Complex dynamics could play an important role in advanced information processing and control in biological systems, particularly in neural(brain)-systems since (Skarda & Freeman, 1987; Tsuda et al. 1987; Aihara et al. 1990; Nara & Davi, 1992). Along this viewpoint, a recurrent neural network model with including time delayed effect is investigated by means of theoretical consideration and computer experiments as well. The proposed model not only works as the conventional associative memory but also enables us to embed a new kind of memory attractors which are unable to realize in the model without time delayed effect, for example, chain ring like attractors or hierarchical structure of memory attractors as shown in Fig. 1. This is attributed to the fact that time delayed effect makes the available state space expand to larger dimensions than the given number of neurons and their states. Moreover, it is discovered that the basin volume for each embedded chain ring like attractor shrinks, and unstable itinerant orbits in the outer state space of the memory attractor basins emerge, where the itinerancy in outer space could be chaotic.
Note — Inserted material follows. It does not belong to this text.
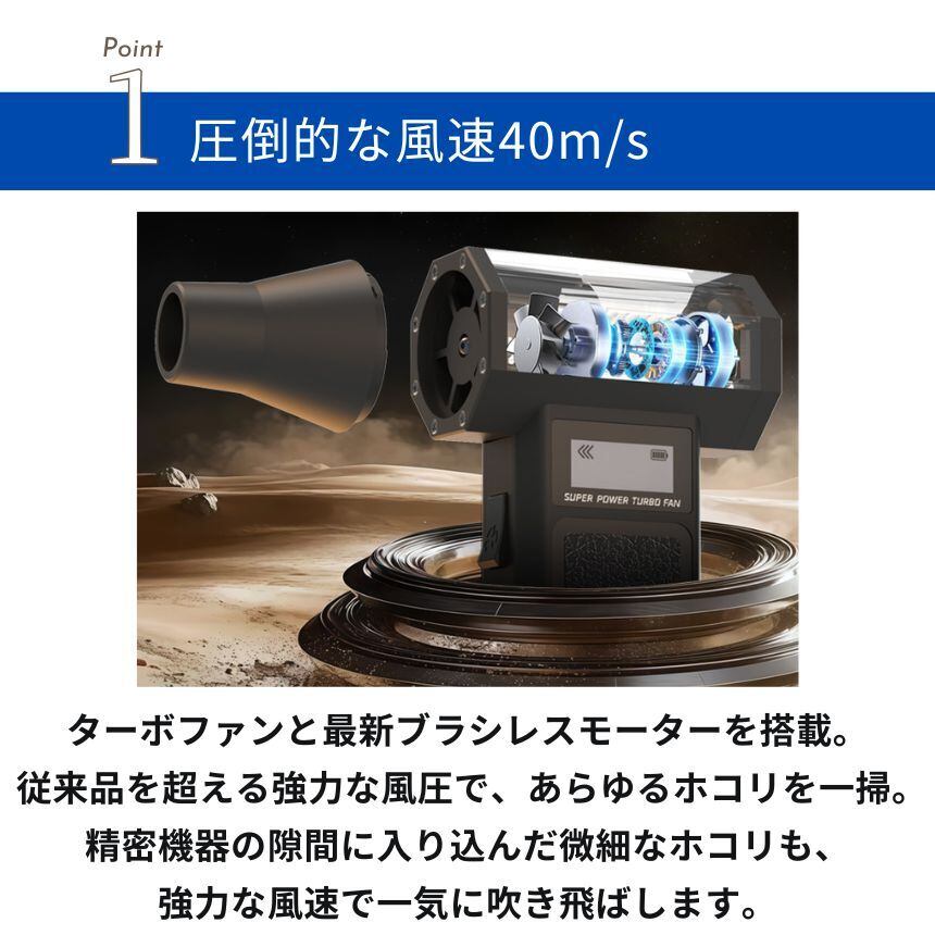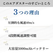 「40m/sの超強力ブロー力 × 5000mAhの大容量バッテリー × 軽量コンパクト」
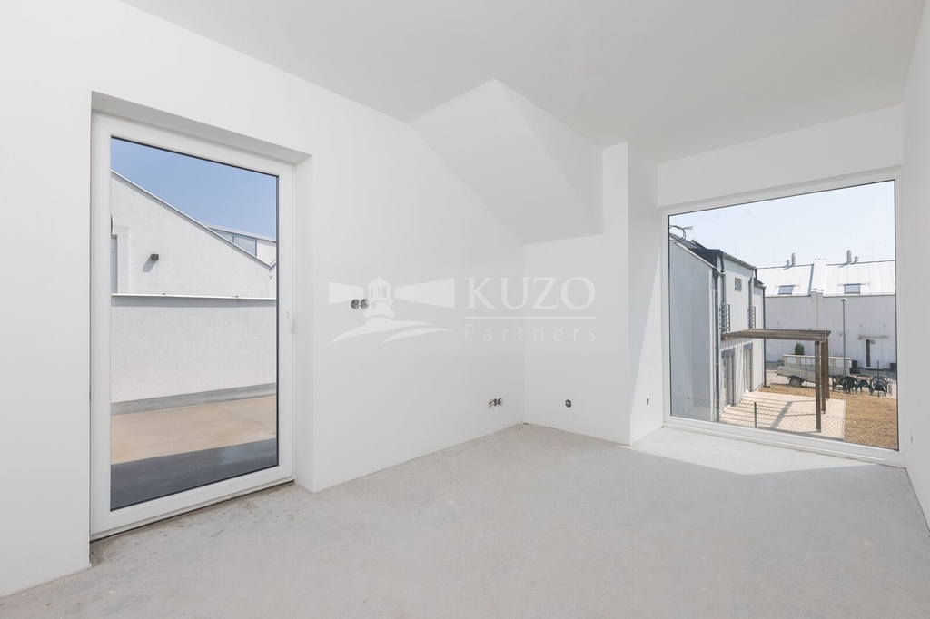 Po schodišti do prvního patra, jsou dva samostatné pokoje o výměře přes 10 m² a ložnice s téměř 20 m², koupelna s vanou a toaletou, dále navíc zmiňovaná prostorná terasa o užitné ploše 29 m².

Now, let us indicate a model that time delayed effect explicitly introduced in updating rule of neuron activity with discrete time and binary state scheme, represented as

$$\begin{aligned} \mathbf{s} (t+1) = F_\mu ( \mathbf{s} (t-\tau ) ) \quad 0 \le \tau ) \end{aligned}$$
(1)

where s is defined as a N-dimensional state vector consisting of binary (\(\pm 1\)) components, and F is certain sign function to describe updating of neuron activity and \(\mu \) is a parameter set included in the model. \(\tau = 0\) results in conventional model. Once this formulation of network activity is employed, then

$$\begin{aligned} \{ s_i ( t + q ) \; | \; i = 1 \sim N, \; q = 0 \sim \tau \} \end{aligned}$$
(2)

is an independent variable (element) set in given \(\tau \), so that the total number of independent state vectors is \(\tau + 1\), and the number of independent variable is \((\tau +1) N\) in this model. In contrast, the number of independent variable is infinite when continuous time and state scheme is employed because the cardinality of real number in \(0 \le t \le \tau \) is infinitely dense, which is represented as \(\aleph \). These remarkable extensions of state-space could generate emergent complex hierarchical dynamics in activity of neural system. In actual neural systems including brain, analogue property of real number is limited to finite resolution by biological restriction, so that infinite number of variables would be reduced considerably. Even if so, however, it may account for why human brain can show extraordinary memory-capacity comparing with speculated capacity from roughly estimated number of neurons concerning memorizing and recalling function. Moreover, advanced functional processing could be realized with use of such novel hierarchical complex dynamics with including chaos.

Fig. 1
figure 1

A schematic description of new-kind attractors in high-dimensional state space, a, b: chain-ring and c: hierachical, which are able to be designed only with use of time-delayed effect [see Eq. (3])

Full size image

In this paper, based on the above mentioned idea, let us only show a case employed in the previous paper (Suemitsu and Nara, 2003). It is one of selectable varieties within this scheme, in which we take \(\tau = 1\) and introduce a certain interaction between the two spaces of \(\tau = 0\) and \(\tau = 1\), as follows,

$$\begin{aligned} s_{i}(t+1) = \text{ sgn } \left( \sum _{j=1}^N w_{ij}^{(0)} s_{j}(t ) + \sum _{j=1}^N w_{ij}^{(1)} s_{j}(t - 1) \right) \end{aligned}$$
(3)

Even in this simplified model with time delay, the novel properties stated in the initial paragraph are obtained.

More detailed considerations and computer experiments to develop our ideas will be given in future.